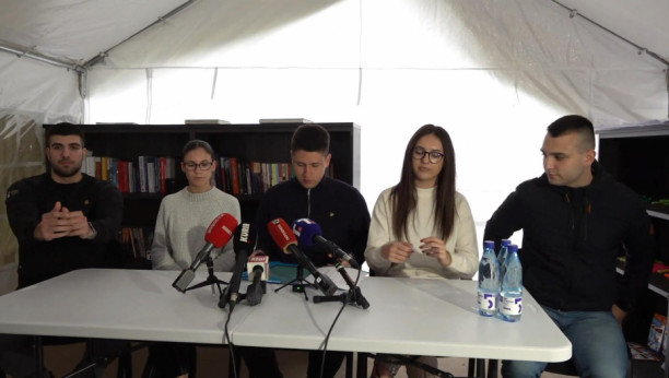 - Osim ove informacije pomenuo sam da je u sredu glasano, većina profesora Medicinskog fakulteta UB je glasalo za obustavu štrajka, svi žele da se vrate na posao, svi želimo da se vratimo na fkultete, a druga informacija jeste da smo danas pozvali rektora BU Vladana Đokića, kao i dekane Medicinskog, Stomatološkog, Farmaceutskog, Biološkog i Fakulteta ua specijalnu edukaciju i rehabilitaciju, pozivamo ih i ovim putem da dođu sutra na razgovor kod nas u Pionirski park u 12 časova, želimo da ih pitamo pored ostalog da li naši roditelji treba da nastave da nam plaćaju stanove, da li studenti koji nisu na budžetu da li treba da plate školarinu, to su pitanja koja zanimaju kako nas, tako i naše roditelje. Zašto da mi ne znamo odgovore na ta pitanja. Rektor je rekao da on neke svoje odluke želi da saopšti uživo i mi ga pozivamo i rektora i pomenute dekane da dođu sutra u 12 časova u Pionirski park , nadamo se da će nas makar sada ispoštovati i očekujemo da će doći jer se osećamo bespomoćno i beznadežno i zabrinuto. Ovo je još jedan naš poziv na dijalog. Ovim putem se zahvaljujemo predsedniku Vučiću što nas je jedini primio i ako nađe malo vremena, značilo bi nam da nas poseti, rekao je da je i on "ćaci" pa da se eto, malo družimo.
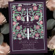 Set the tone for your medieval fantasy wedding with a bold invitation design—a grand sword surrounded by florals against a eggplant background. Perfect for couples dreaming of an epic, romantic celebration. Personalize it for your needs. NOTE: The silver featured in this design is NOT real foil.
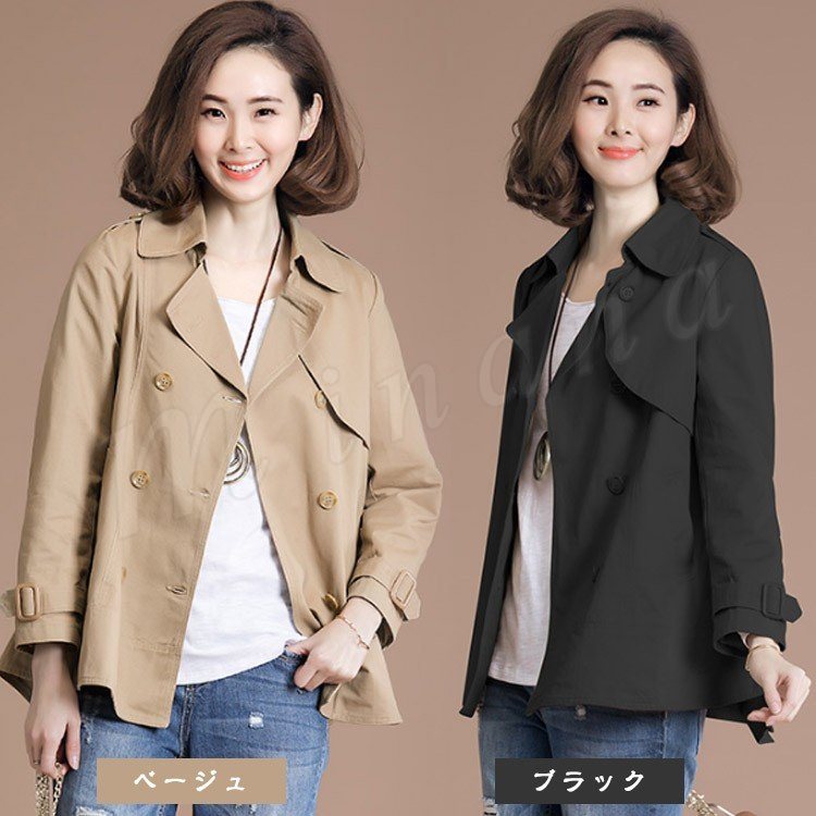 トレンチジャケット ショートコート オフィス 通勤 エレガント スプリングコート 春トレンチ トレンチコート レディース ショート丈 Aライン
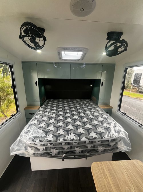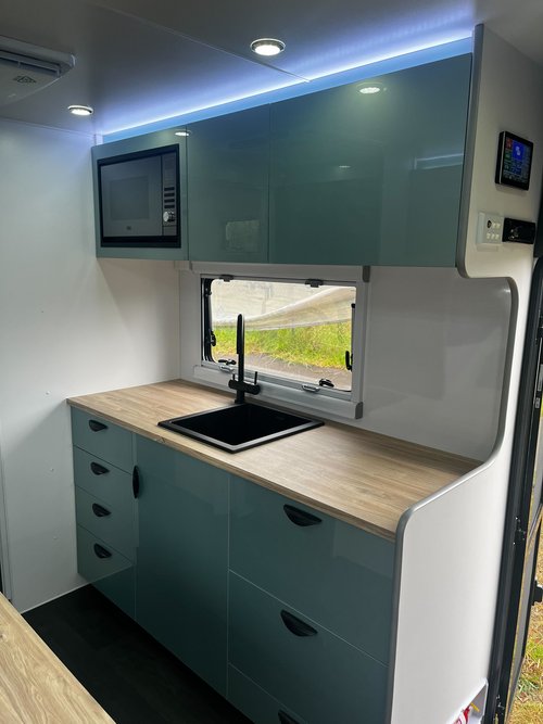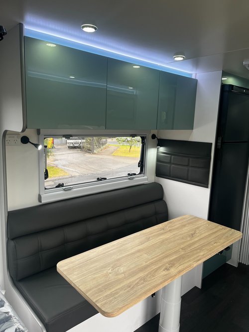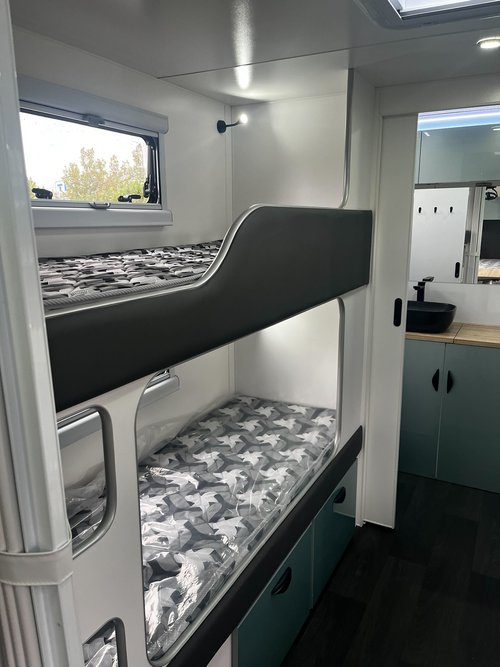 TITUS is packed with extra features. 3700kg Tuffride Independent coil spring suspension, twin shock absorbers, 400w of Solar. A 200amp Aussie made lithium battery and a 99ltr grey water tank allow you to travel further for longer.
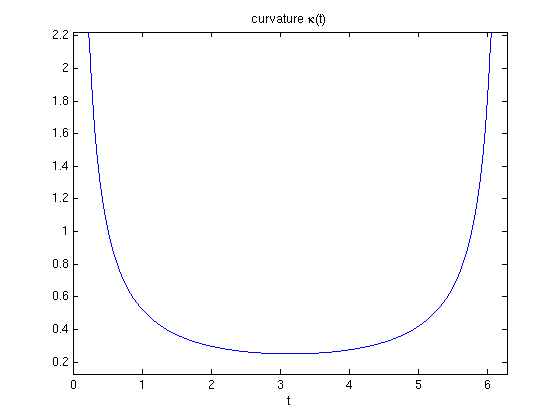 syms t real Pi = sym('pi'); r = [t-sin(t), 1-cos(t), 0]; v = diff(r,t) a = diff(v,t) kappa = simplify( norm(cross(a,v))/norm(v)^3 ) % formula with cross product ezplot(kappa,[0,2*pi]) % Plot kappa title('curvature \kappa(t)') % Note: kappa becomes infinite for t=0, 2*pi
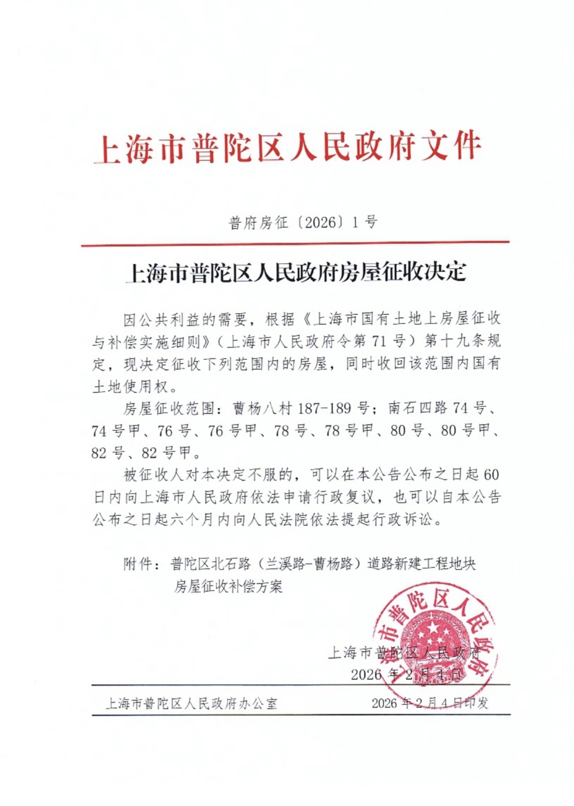 上海市普陀区人民政府房屋征收决定(普陀区北石路(兰溪路-曹杨路)道路新建工程地块)

══════════════════════════════

* **Task details**: From the line containing "TITUS is packed" through the last line of the entries, both included, print each line exactly and omit any picture.

* **Result**:
 TITUS is packed with extra features. 3700kg Tuffride Independent coil spring suspension, twin shock absorbers, 400w of Solar. A 200amp Aussie made lithium battery and a 99ltr grey water tank allow you to travel further for longer.
 syms t real Pi = sym('pi'); r = [t-sin(t), 1-cos(t), 0]; v = diff(r,t) a = diff(v,t) kappa = simplify( norm(cross(a,v))/norm(v)^3 ) % formula with cross product ezplot(kappa,[0,2*pi]) % Plot kappa title('curvature \kappa(t)') % Note: kappa becomes infinite for t=0, 2*pi
 上海市普陀区人民政府房屋征收决定(普陀区北石路(兰溪路-曹杨路)道路新建工程地块)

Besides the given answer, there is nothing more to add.